[Breaking news update, published at 3:50 p.m. ET]A senior German official says the perpetrator of an apparent deliberate act on Saturday was a German citizen. State Minister for Internal Affairs Herbert Reul told reporters Saturday night that nothing as of now suggests the German driver of the vehicle that plowed through a restaurant's open-air terrace in the German city of
Muenster had a connection with radical Islam, but he said investigators are still looking at the driver's background.
[Previous story, published at 3:40 p.m. ET]A delivery vehicle slammed into a crowd Saturday in an apparently deliberate act in the German city of Muenster, killing two people and leaving 20 others injured, officials said.
The driver also shot and killed himself, a police spokeswoman said. Authorities are treating the incident as an attack, the spokeswoman said.
Police earlier said there were three deaths. Herbert Reul, state minister for internal affairs in the North Rhine-Westphalia state, clarified later Saturday that the total included the attacker.
Muenster police spokesman Andreas Boden told local media that the motive and identity of the driver is unknown.
The attack happened in the old part of the western German city, an area popular on weekends. It was a warm sunny afternoon, one of the first nice days of the spring, and many people were out in the area with its narrow streets, Bild editor Julian Reichelt told CNN.
German Chancellor Angela Merkel said she is "deeply shocked by the terrible events in Muenster."
In a statement tweeted by German government spokeswoman Ulrike Demmer, Merkel said "everything is now being done to clarify the act and support the victims and their families."
The driver drove a vehicle into a restaurant's open terrace around 3:30 p.m. local time, according to police spokeswoman Vanessa Arlt.
Arlt said the old city remains closed, and police have asked people to avoid the city center.
Muenster, with about 300,000 people, is home to numerous universities and has a student population of about 58,000, the city government says. The city calls itself the cycling capital of
Germany and says about 100,000 residents use a bike daily.
"With dismay, I learned of the terrible incident in Muenster," Interior Minister Horst Seehofer said in a statement, adding, "Police in Muenster and throughout (the state of North Rhine-Westphalia) are now working hard to investigate the matter."

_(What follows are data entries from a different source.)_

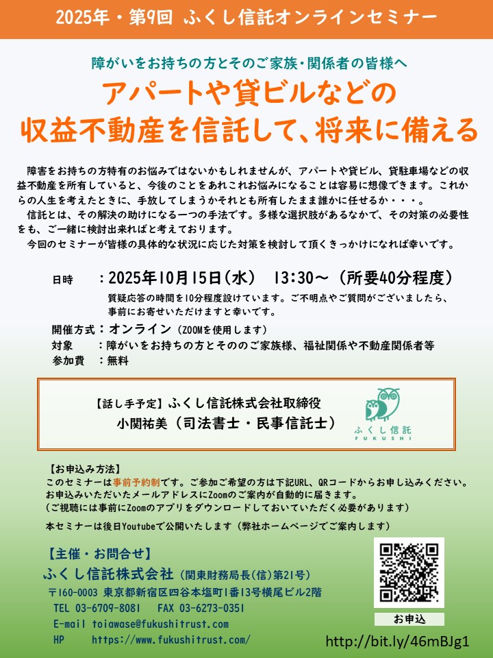ふくし信託のオンラインセミナー、2025年第9回目 開催のお知らせです。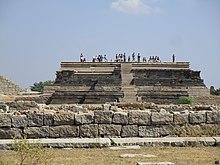 The Mahanavami platform, also called the "Great Platform", "Audience Hall", "Dasara" or "Mahanavami Dibba" monument, is within a 7.5-hectare (19-acre) enclosure at one of the highest points inside the royal centre (urban core). It has ceremonial structures.[101][102] It is mentioned in the memoirs of foreigners who visited Vijayanagara, some calling it the "House of Victory".[103] The largest monument in this complex has three ascending square stages leading to a large, square platform that likely had a wooden mandapa above it. This was burnt down during the destruction of Hampi.[104]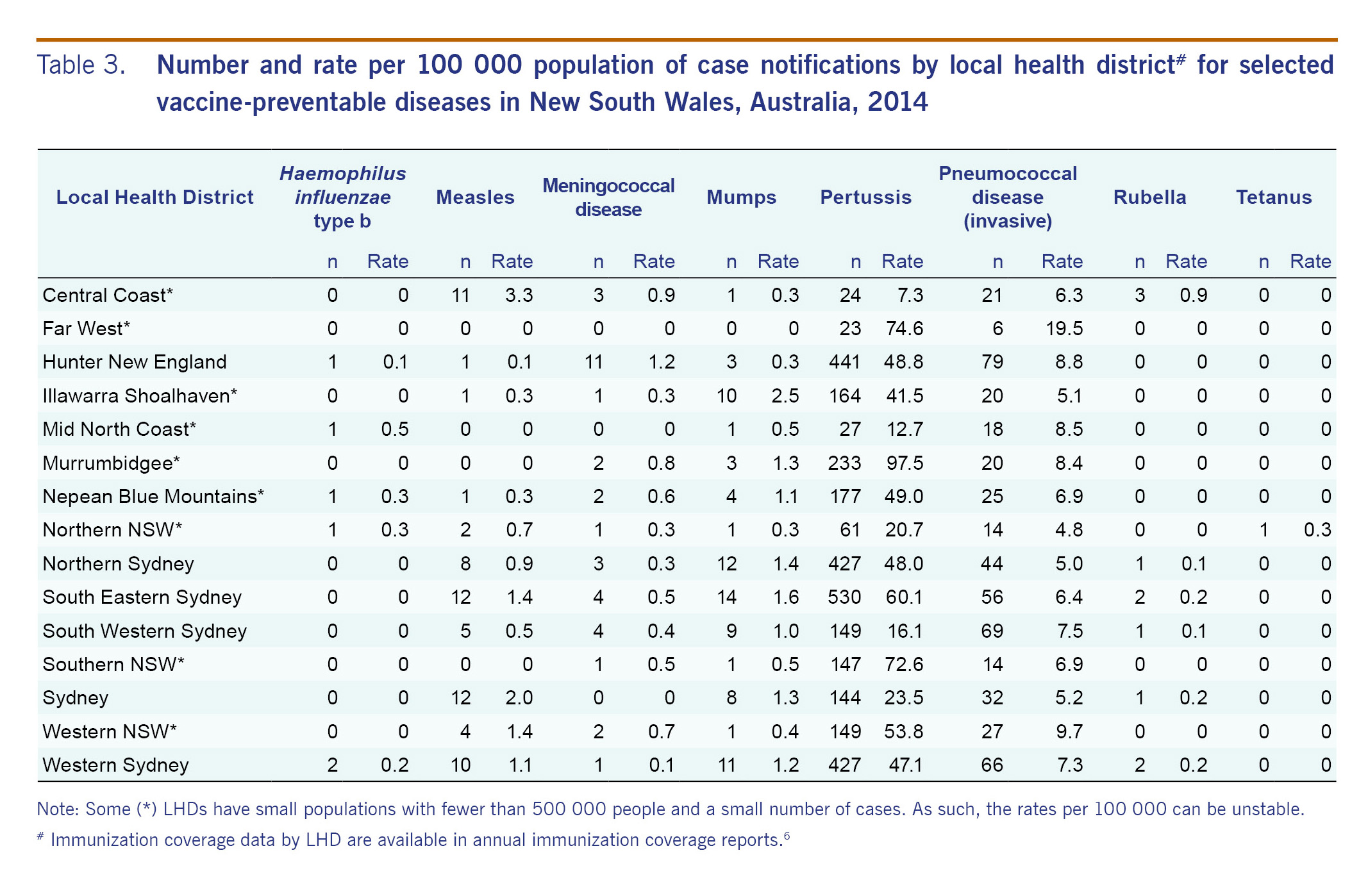 The highest rate of IMD (1.2 notifications per 100 000) was observed in the Hunter New England LHD (11 cases), with an unusually high proportion of serogroup Y (four of the 11 cases; 36.4%). This represents more than half of the seven serogroup Y cases in NSW in 2014. No epidemiological link was identified between the cases.
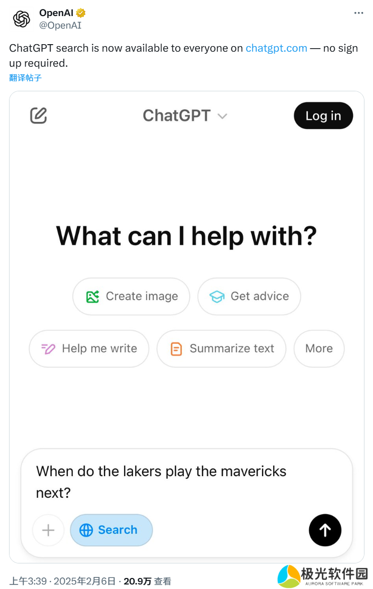 据本站了解,OpenAI 最初于去年 10 月向付费用户提供了搜索引擎功能,并于同年 12 月向所有用户开放。如今,用户无需账户即可使用该功能,这意味着 ChatGPT 的搜索将直接与谷歌和必应等传统搜索引擎展开竞争。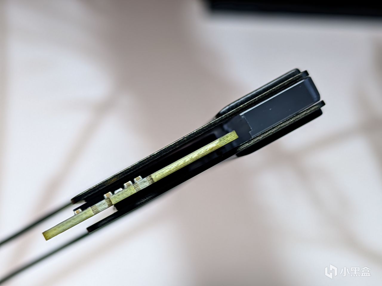 从侧面可以看出,采用的是三明治的夹片工艺,配合一个高透明度的导光条,颜值看着还不错,但是从侧面可看不出什么颗粒信息之类的,所以~保修再见!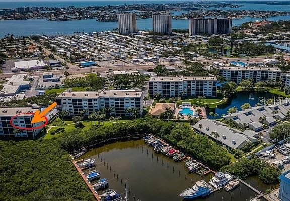 RARE 5th-floor CORNER UNIT with stunning water views in every direction — the kind of opportunity that doesn’t come along often in the highly sought-after gated community of Pasadena Cove. With wide panoramas of the marina, Boca Ciega Bay, and even Gulf of Mexico glimpses from the front walkway, this spacious 2-bedroom, 2-bath layout offers unmatched natural light and endless potential. Inside, the home is ready for a full renovation, making it the perfect blank canvas for a buyer who wants to design their dream coastal retreat. Corner units rarely become available — especially those positioned this high — and this one delivers water views from every window, a split-bedroom layout, and a private screened balcony where you can enjoy shimmering sunrises over the bay. Pasadena Cove is a resort-style, pet-friendly, non-age-restricted waterfront community known for its peaceful atmosphere, lush landscaping, and excellent amenities. Residents enjoy a heated pool & spa, renovated clubhouse with full kitchen and billiards, modern fitness center, shuffleboard courts, walking paths, and a scenic boardwalk to a private marina that offers boat slips for purchase or rent (when available) through the HOA — giving boaters direct access to Boca Ciega Bay and the Gulf. Additional conveniences include in-unit laundry, a same-floor storage locker, a secure bicycle room, and deeded covered parking directly in front of the building. Milestone inspection and SIRS have been completed with no current special assessments, providing peace of mind for future owners. Perfectly located just minutes from St. Pete Beach, Treasure Island, Gulfport, shopping, dining, medical centers, and the SunRunner transit line, this unit delivers the best of Florida coastal living — with the rare chance to transform an upper-floor corner residence into something truly extraordinary. Bring your vision, your creativity, and your contractor — the potential here is unlimited. Schedule your private showing today and imagine the possibilities!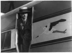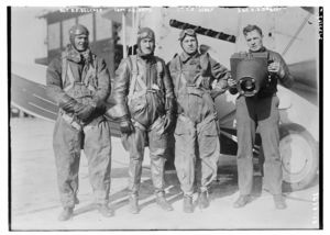Orville Wright, Major John F. Curry, and Colonel Charles Lindbergh, who came to pay Orville a personal call at Wright Field, Dayton, Ohio, June 22, 1927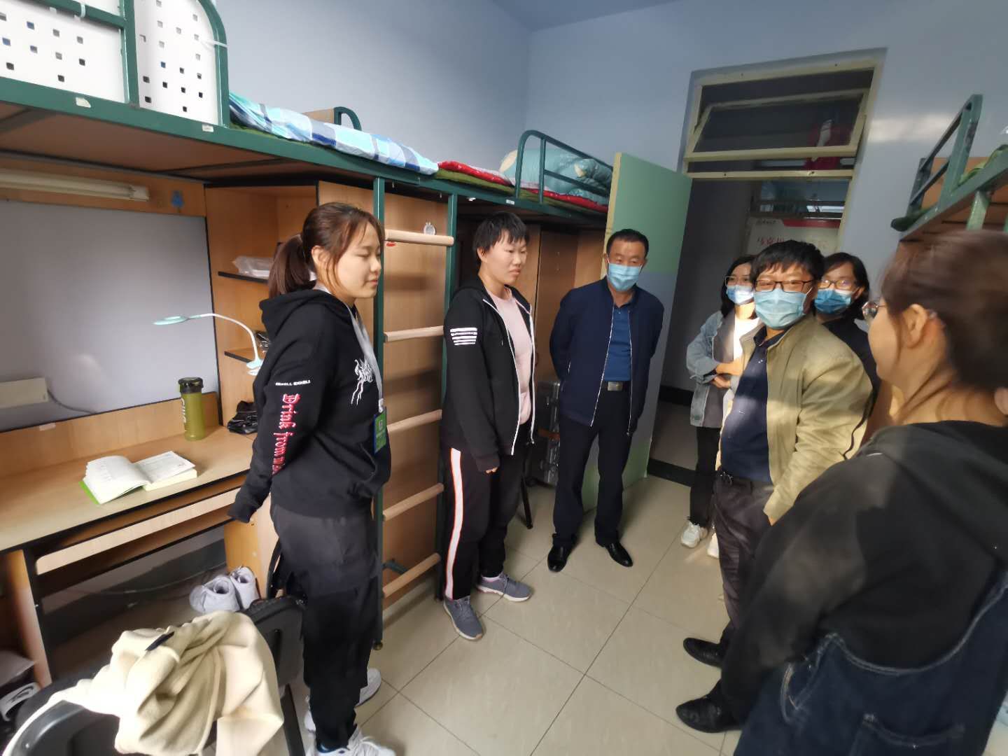 领导班子代表走入新生所在的寝室,关心慰问刚入学的新生。
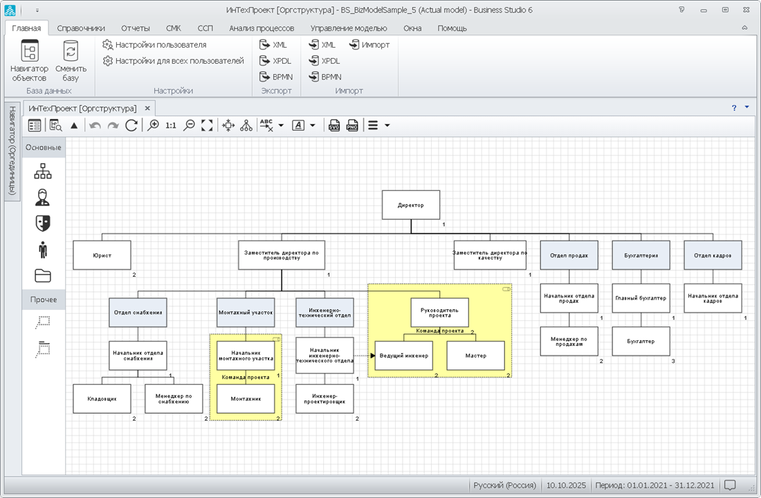 Использование специализированной информационной системы, такой как ИС "Business Studio", значительно облегчает процесс моделирования организационной структуры. В системе можно создавать иерархические диаграммы, отображающие уровни подчинения, а также задавать функциональные связи между подразделениями. ИС "Business Studio" позволяет добавлять сотрудников, роли и подразделения в структуру, связывать их с бизнес-процессами, что обеспечивает прозрачность распределения ответственности и контроля.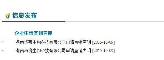 值得注意的是,当中的湖南海济生物科技有限公司(简称:海济生物)为准直销企业,据商务部官网显示,海济生物曾与同省兄弟企业华莱生物共同向商务部申请直销牌照,申请公示的日期为2015年10月9日。不过随着权健事件的发生,商务部对直销牌照的审批按下了“暂停键”,其原有的受理公示信息也已不再对外公示,至今湖南海济也未能获得商务部颁发的直销牌照。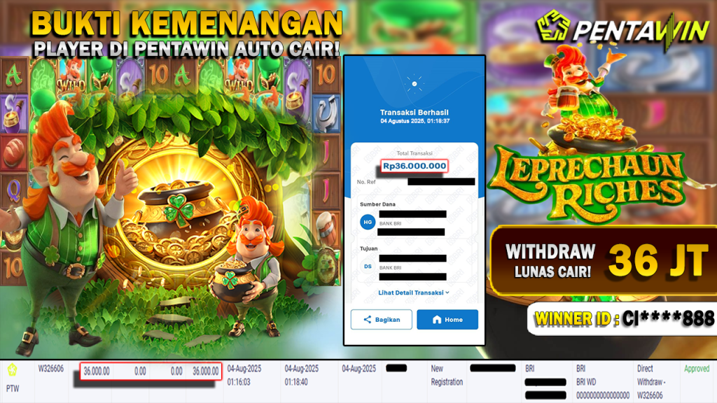 Bukti Kemenangan Dan Withdraw 04 2025 Di GAME Leprechaun Riches Wd 36 Juta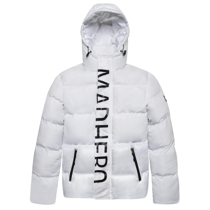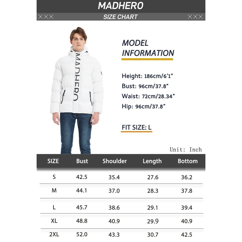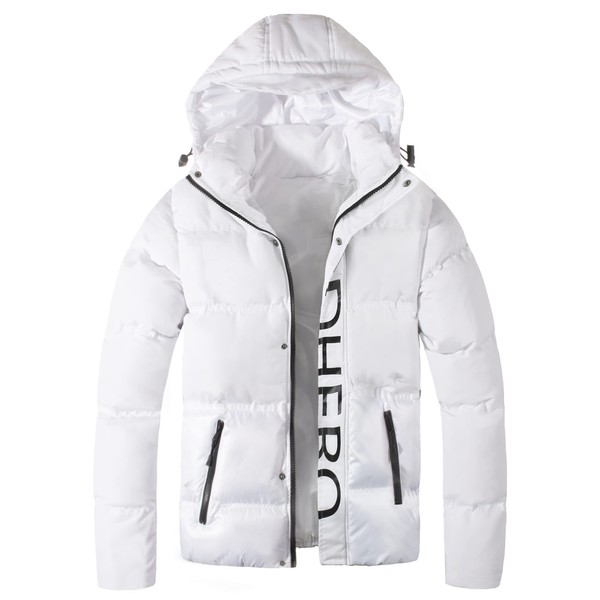 MADHERO Men's Puffer Jacket Water-Resistant Insulated Down Alternative Outerwear Coats White with Logo Size M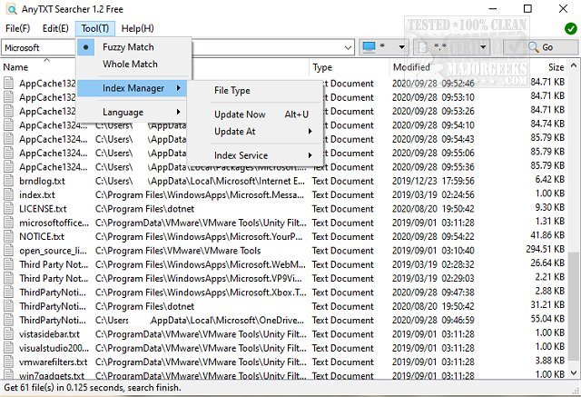 AnyTXT Searcher's UI is simple, only providing you with what is needed to find any text existing on your computer quickly, enter your search parameters, and hit go. You can mouse over a result and view a preview of the matched keyword without the need to open it. It does offer a few different search options to refine your search, like Fuzzy Match, Whole Match, File Type, etc., and operates relatively fast.

Federal authorities are in close contact with local officials, Seehofer said.
The US Embassy in Berlin also expressed its condolences in a tweet Saturday. "The US Mission in Germany has the victims and their family and friends in our thoughts and prayers," the embassy said.
Saturday's crash occurred on the one-year anniversary of a similar attack in Stockholm, Sweden, when a stolen beer truck struck pedestrians, killing five people.